• _What to produce_
In the material below, find the line with "Compania Națională de" and the line with "Each journey you", then output those two lines and every line between them, exactly.

• _Exercise data_

[Start of Attachment]

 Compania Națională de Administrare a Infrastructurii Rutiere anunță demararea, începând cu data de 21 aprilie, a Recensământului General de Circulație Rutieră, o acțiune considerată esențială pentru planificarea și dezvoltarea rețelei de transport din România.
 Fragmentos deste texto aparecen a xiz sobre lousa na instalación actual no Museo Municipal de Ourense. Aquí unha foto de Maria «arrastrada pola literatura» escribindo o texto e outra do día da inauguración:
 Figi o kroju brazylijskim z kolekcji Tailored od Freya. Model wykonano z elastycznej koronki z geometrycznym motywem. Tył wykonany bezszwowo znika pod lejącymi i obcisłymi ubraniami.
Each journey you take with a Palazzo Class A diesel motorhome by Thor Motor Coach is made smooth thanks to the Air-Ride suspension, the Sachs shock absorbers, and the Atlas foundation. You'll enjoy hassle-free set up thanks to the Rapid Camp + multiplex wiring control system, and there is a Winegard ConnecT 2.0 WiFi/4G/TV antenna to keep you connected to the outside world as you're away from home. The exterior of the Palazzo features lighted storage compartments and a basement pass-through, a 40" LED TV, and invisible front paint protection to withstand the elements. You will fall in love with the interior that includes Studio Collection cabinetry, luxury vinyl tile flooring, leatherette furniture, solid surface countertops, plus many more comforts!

[End of Attachment]
[Start of Attachment]

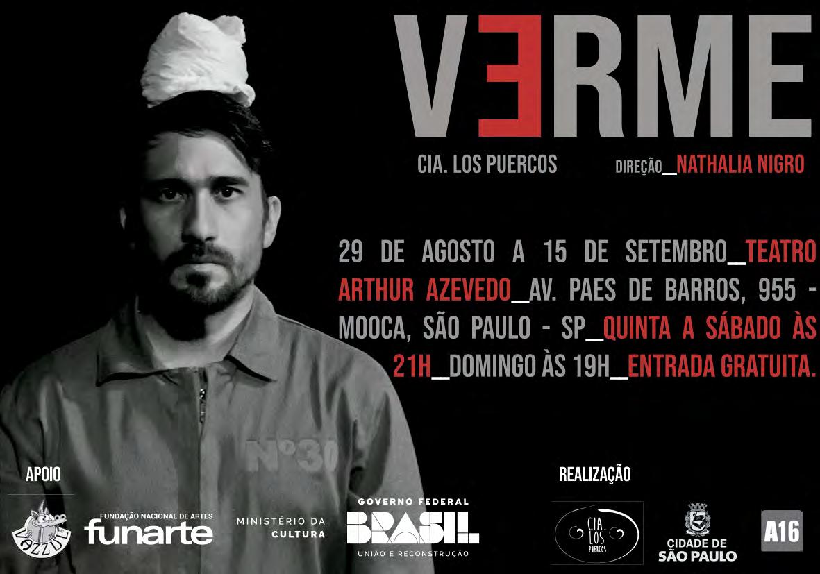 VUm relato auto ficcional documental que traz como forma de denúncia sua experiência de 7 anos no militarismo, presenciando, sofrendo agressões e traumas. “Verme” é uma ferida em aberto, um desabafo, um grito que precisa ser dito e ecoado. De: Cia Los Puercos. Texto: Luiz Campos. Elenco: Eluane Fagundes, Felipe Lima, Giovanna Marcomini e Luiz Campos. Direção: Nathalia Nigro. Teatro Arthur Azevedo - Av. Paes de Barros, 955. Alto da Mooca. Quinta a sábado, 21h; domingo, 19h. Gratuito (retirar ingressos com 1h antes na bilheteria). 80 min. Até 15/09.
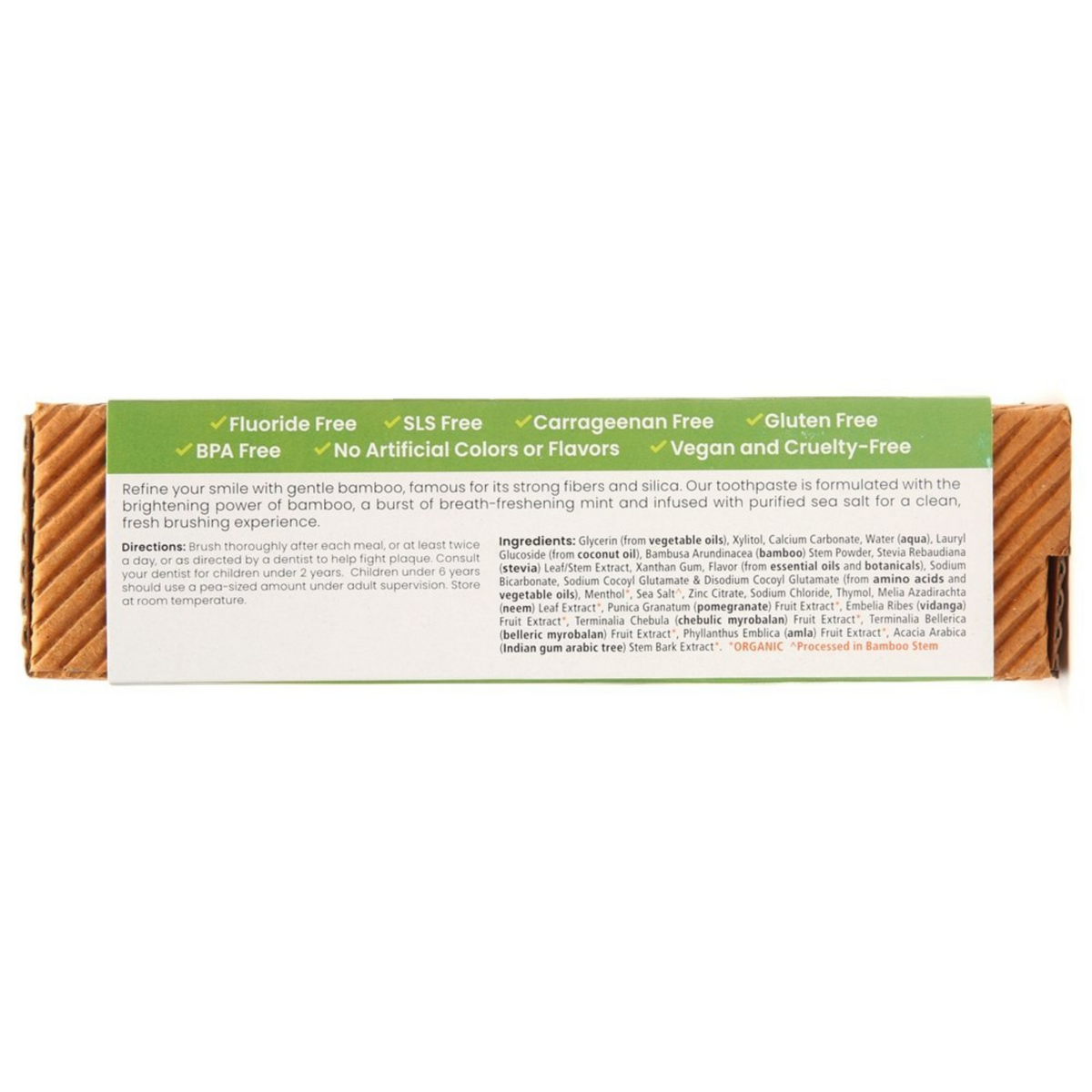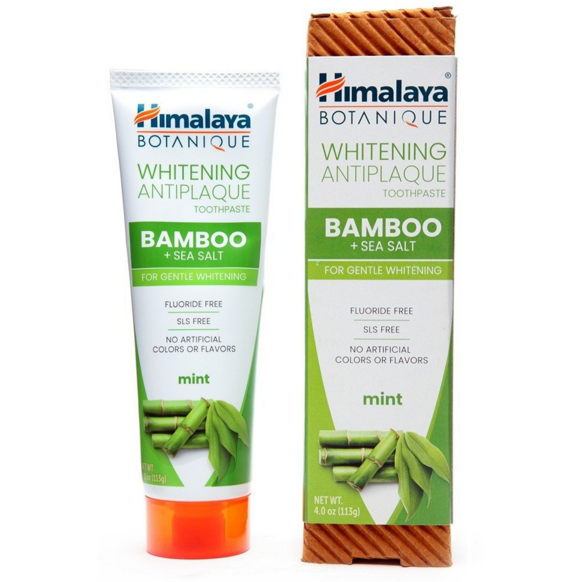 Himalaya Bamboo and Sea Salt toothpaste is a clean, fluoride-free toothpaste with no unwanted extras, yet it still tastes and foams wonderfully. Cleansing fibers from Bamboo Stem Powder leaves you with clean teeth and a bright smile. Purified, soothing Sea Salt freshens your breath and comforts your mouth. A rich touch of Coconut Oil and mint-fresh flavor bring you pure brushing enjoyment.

[End of Attachment]
[Start of Attachment]

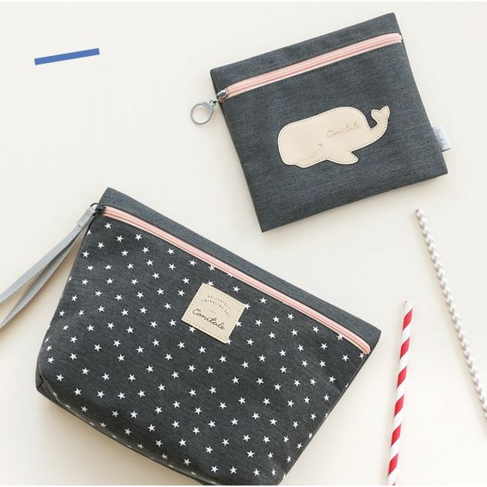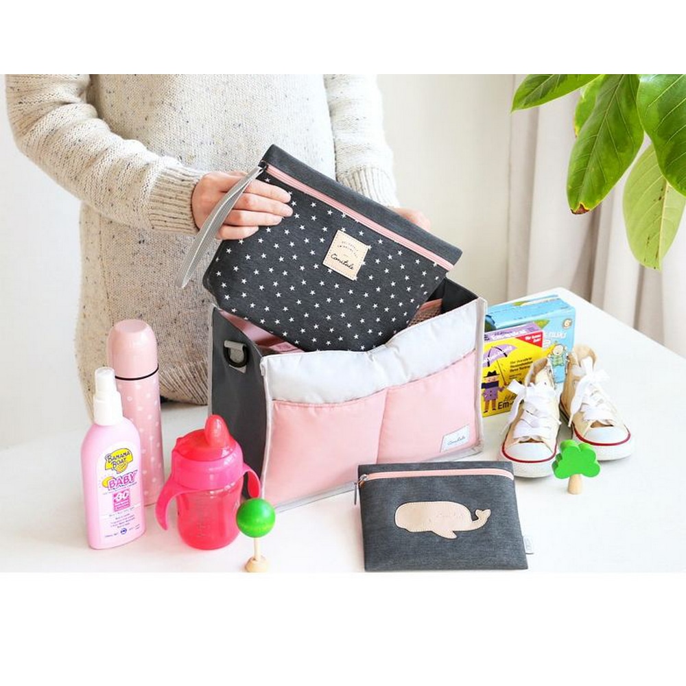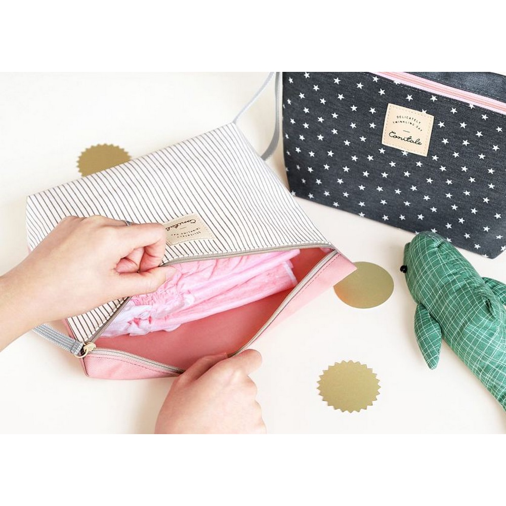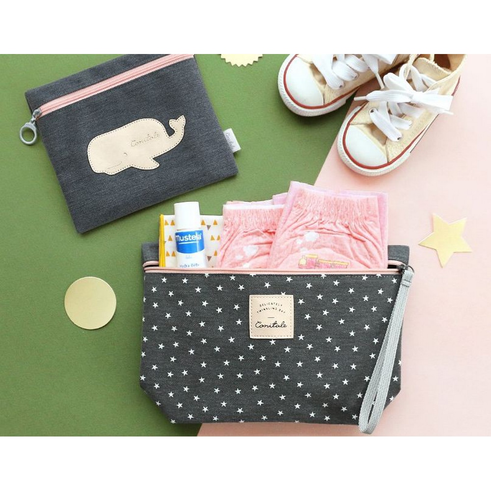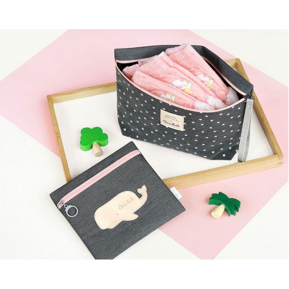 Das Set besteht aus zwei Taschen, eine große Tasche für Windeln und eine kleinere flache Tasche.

[End of Attachment]

• _Task answer_
 Compania Națională de Administrare a Infrastructurii Rutiere anunță demararea, începând cu data de 21 aprilie, a Recensământului General de Circulație Rutieră, o acțiune considerată esențială pentru planificarea și dezvoltarea rețelei de transport din România.
 Fragmentos deste texto aparecen a xiz sobre lousa na instalación actual no Museo Municipal de Ourense. Aquí unha foto de Maria «arrastrada pola literatura» escribindo o texto e outra do día da inauguración:
 Figi o kroju brazylijskim z kolekcji Tailored od Freya. Model wykonano z elastycznej koronki z geometrycznym motywem. Tył wykonany bezszwowo znika pod lejącymi i obcisłymi ubraniami.
Each journey you take with a Palazzo Class A diesel motorhome by Thor Motor Coach is made smooth thanks to the Air-Ride suspension, the Sachs shock absorbers, and the Atlas foundation. You'll enjoy hassle-free set up thanks to the Rapid Camp + multiplex wiring control system, and there is a Winegard ConnecT 2.0 WiFi/4G/TV antenna to keep you connected to the outside world as you're away from home. The exterior of the Palazzo features lighted storage compartments and a basement pass-through, a 40" LED TV, and invisible front paint protection to withstand the elements. You will fall in love with the interior that includes Studio Collection cabinetry, luxury vinyl tile flooring, leatherette furniture, solid surface countertops, plus many more comforts!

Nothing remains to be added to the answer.